(Required action):
Below are some entries; reproduce them exactly and leave every picture out.

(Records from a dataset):

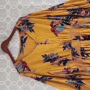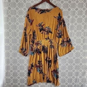 J. Jee V Neck Button Up Rayon Wide Sleeve Floral Mini Dress 2X
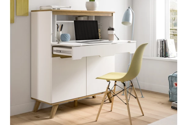 Sekretář s výklopným stolkem Scandi, bílá/dub nox
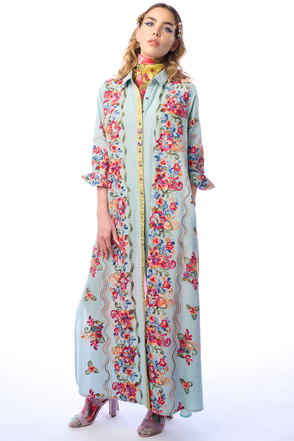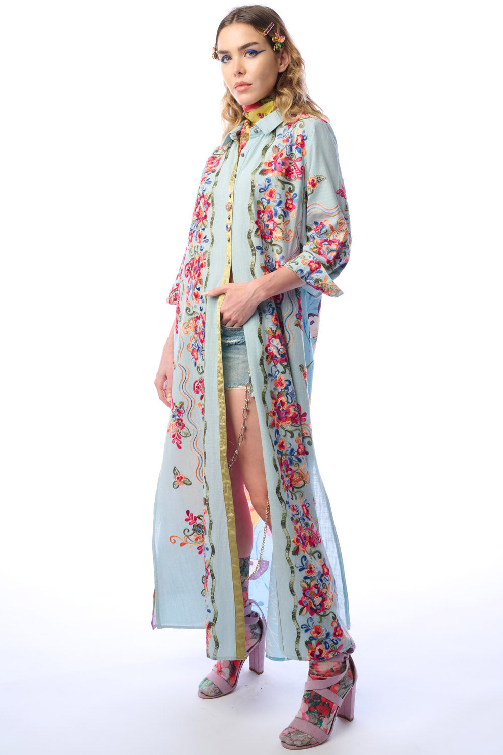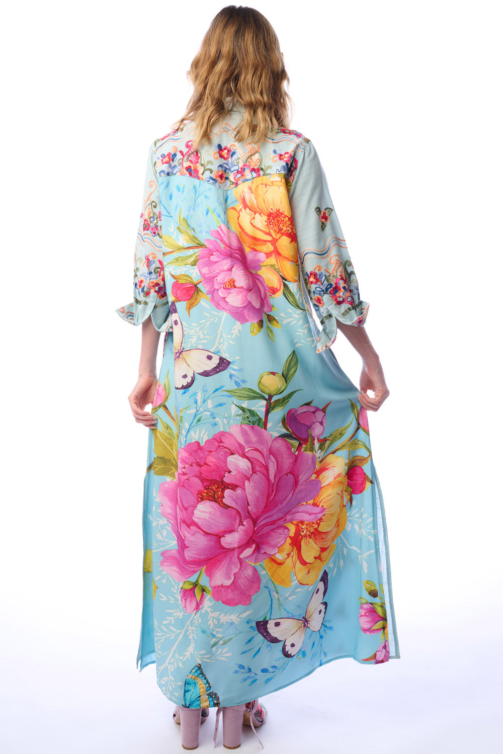 Embroidered button-up duster with butterfly floral print on the back, 2 side pockets, 2 crystal buttons attached to CF placket, side slits
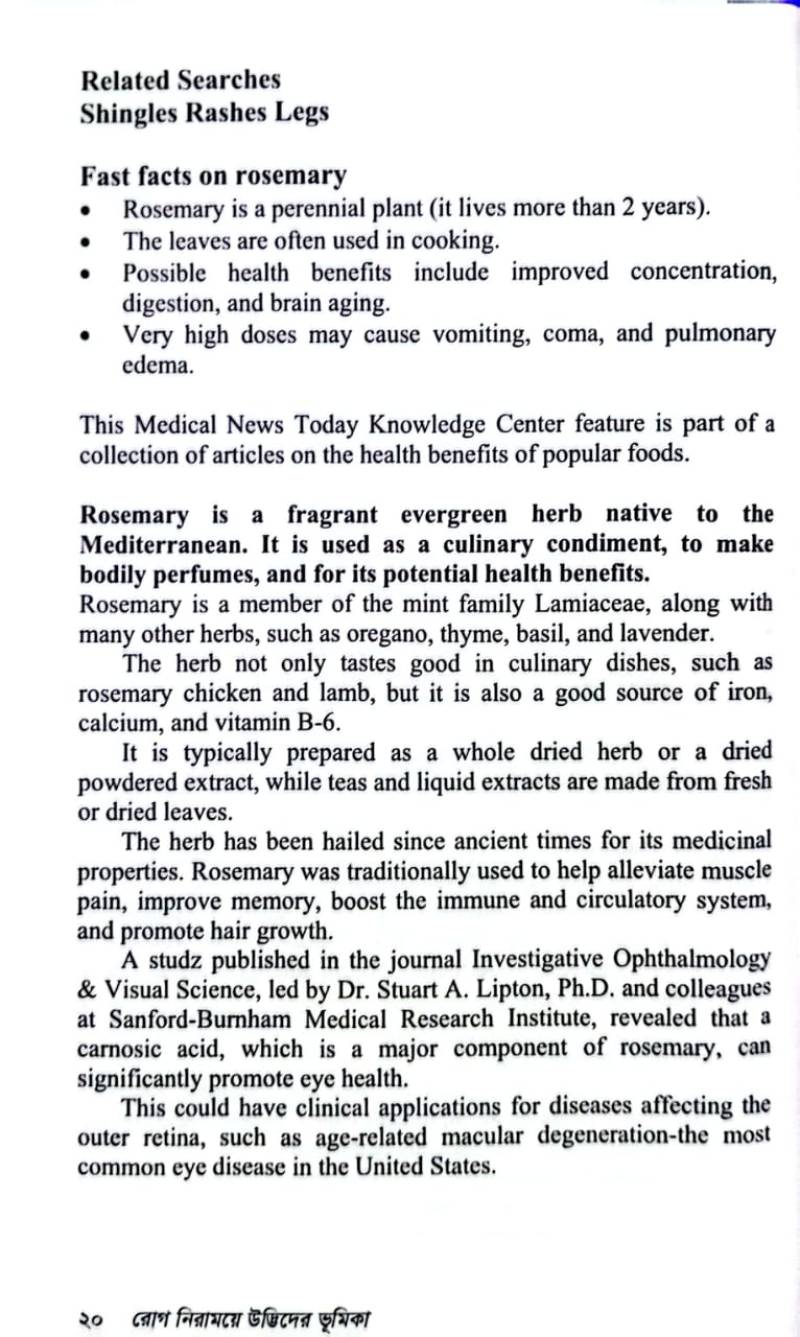 Salvia Rosemarinus সাধারণত রোজমেরী নামে পরিচিত, সুগন্ধি, সুঁচালোর মত পাতা, এবং স্বচ্ছ গোলাপী বেগুনী ফুলের একটি অংশ। ভূমধ্য সাগরীয় অঞ্চল, সেই সাথে পর্তুগাল ও ইউরোপ অঞ্চলে প্রচুর পরিমাণে জন্মে থাকে। প্রাচীন গ্রীক ও অ্যারাবিক চিকিৎসায় রোজমেরী ব্যববহারের ইতিহাস পাওয়া যায়। মিশর, তুরস্ক, ইরান, আজার বাইজান ও ইউরোপিয়া অঞ্চলের দেশগুলোতে...
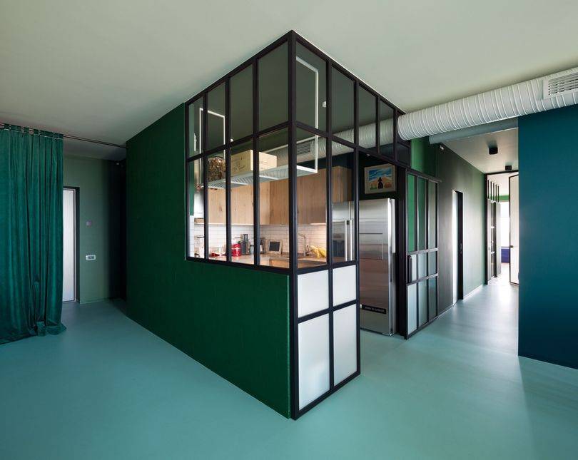 Цветные плоскости в зелено-синей гамме создают контраст с бетонными стенами, превращая помещения в калейдоскоп.
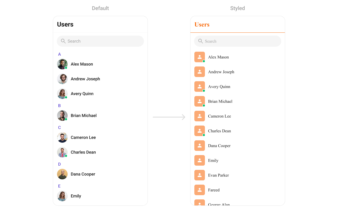 TheCometChatUsers Component displays a scrollable list of users. It is ideal for showcasing available contacts for messaging, calls, or group creation. Developers can style elements like user avatars, status indicators, and list backgrounds to align with their design guidelines.
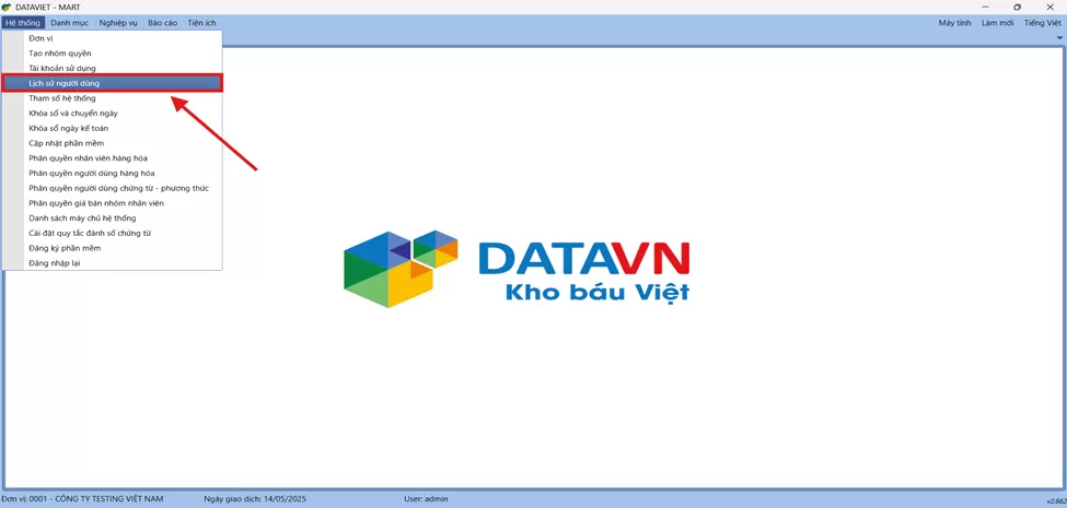 · Vào Hệ thống/Lịch sử người dùng

(Solved problem):
 J. Jee V Neck Button Up Rayon Wide Sleeve Floral Mini Dress 2X
 Sekretář s výklopným stolkem Scandi, bílá/dub nox
 Embroidered button-up duster with butterfly floral print on the back, 2 side pockets, 2 crystal buttons attached to CF placket, side slits
 Salvia Rosemarinus সাধারণত রোজমেরী নামে পরিচিত, সুগন্ধি, সুঁচালোর মত পাতা, এবং স্বচ্ছ গোলাপী বেগুনী ফুলের একটি অংশ। ভূমধ্য সাগরীয় অঞ্চল, সেই সাথে পর্তুগাল ও ইউরোপ অঞ্চলে প্রচুর পরিমাণে জন্মে থাকে। প্রাচীন গ্রীক ও অ্যারাবিক চিকিৎসায় রোজমেরী ব্যববহারের ইতিহাস পাওয়া যায়। মিশর, তুরস্ক, ইরান, আজার বাইজান ও ইউরোপিয়া অঞ্চলের দেশগুলোতে...
 Цветные плоскости в зелено-синей гамме создают контраст с бетонными стенами, превращая помещения в калейдоскоп.
 TheCometChatUsers Component displays a scrollable list of users. It is ideal for showcasing available contacts for messaging, calls, or group creation. Developers can style elements like user avatars, status indicators, and list backgrounds to align with their design guidelines.
 · Vào Hệ thống/Lịch sử người dùng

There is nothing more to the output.